▸ YOUR TASK
Leaving out the pictures, print exactly the lines from the one holding "Tissot Powermatic 80" to the last line of the entries below, both included, and nothing more.

▸ SUPPLIED MATERIAL
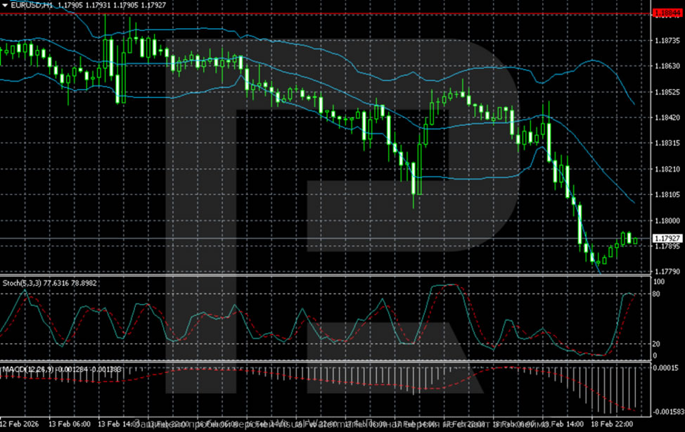 On the lower H1 time frame, a sharp downward move is visible, followed by local stabilisation. The price is forming a small bounce off 1.1780 but remains below the Bollinger Bands’ middle line. The MACD remains negative, although the pressure is gradually decreasing. The Stochastic oscillator is in the overbought zone, suggesting that any corrective rebound could fade in the 1.1820–1.1840 area.
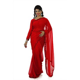Know MoreA red saree is just one of those things which you know would make you look gorgeous. This beautiful georgette saree is made with the finest fabric which makes it comfortable to wear and easy to drape as well. A saree that is simple yet elegant and stunning. So add this to your wardrobe and have it ready to wear.
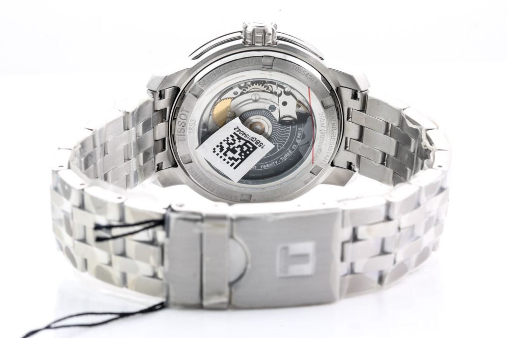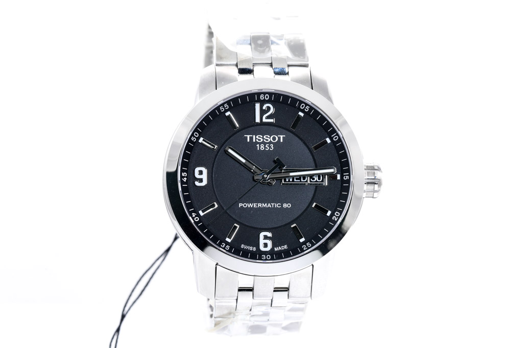 Tissot Powermatic 80 stainless steel automatic men's watch. Black dial, day & date, case diameter: 39mm, wrist size: 20cm, Swiss made. Ref# T0554301105700. With Tissot stainless steel bracelet and clasp. With Tissot 2 year International Warranty Card and Tissot box. Tissot 2 year warranty applies. (As new, Note: minor scratches on case due to being display stock and bracelet in original wrapping)
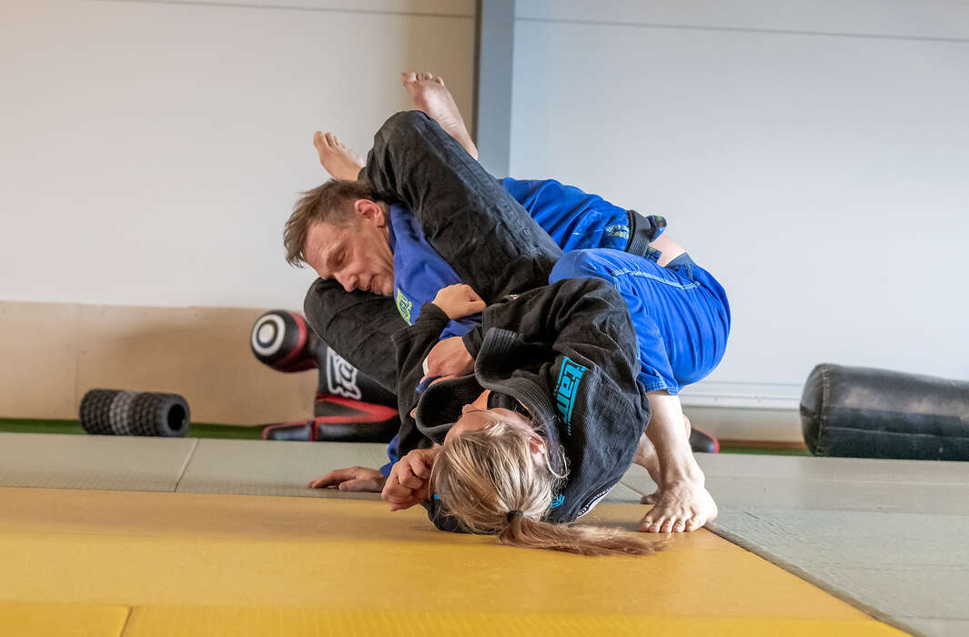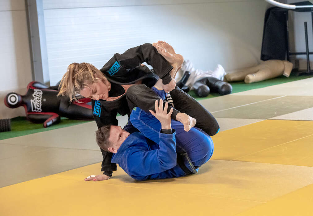Bakom henne springer hennes 9- och 4-åriga söner runt i lokalen tillsammans med Niclas – make och tillika coach. Plötsligt skruvas volymen upp och musik dånar ur högtalarna i Hilti BJJ:s träningslokal. Livspusslet hon pratar om blir påtagligt.
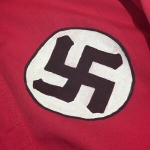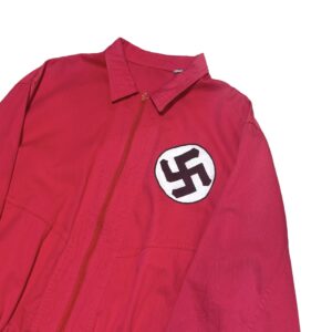 発色の良いレッドボディにハーケンクロイツのペイントが施された一着。特にパンク好きの方や、インパクトのあるデザインがお好きな方におすすめです。

▸ ANSWER TO THIS EXERCISE
 Tissot Powermatic 80 stainless steel automatic men's watch. Black dial, day & date, case diameter: 39mm, wrist size: 20cm, Swiss made. Ref# T0554301105700. With Tissot stainless steel bracelet and clasp. With Tissot 2 year International Warranty Card and Tissot box. Tissot 2 year warranty applies. (As new, Note: minor scratches on case due to being display stock and bracelet in original wrapping)
Bakom henne springer hennes 9- och 4-åriga söner runt i lokalen tillsammans med Niclas – make och tillika coach. Plötsligt skruvas volymen upp och musik dånar ur högtalarna i Hilti BJJ:s träningslokal. Livspusslet hon pratar om blir påtagligt.
 発色の良いレッドボディにハーケンクロイツのペイントが施された一着。特にパンク好きの方や、インパクトのあるデザインがお好きな方におすすめです。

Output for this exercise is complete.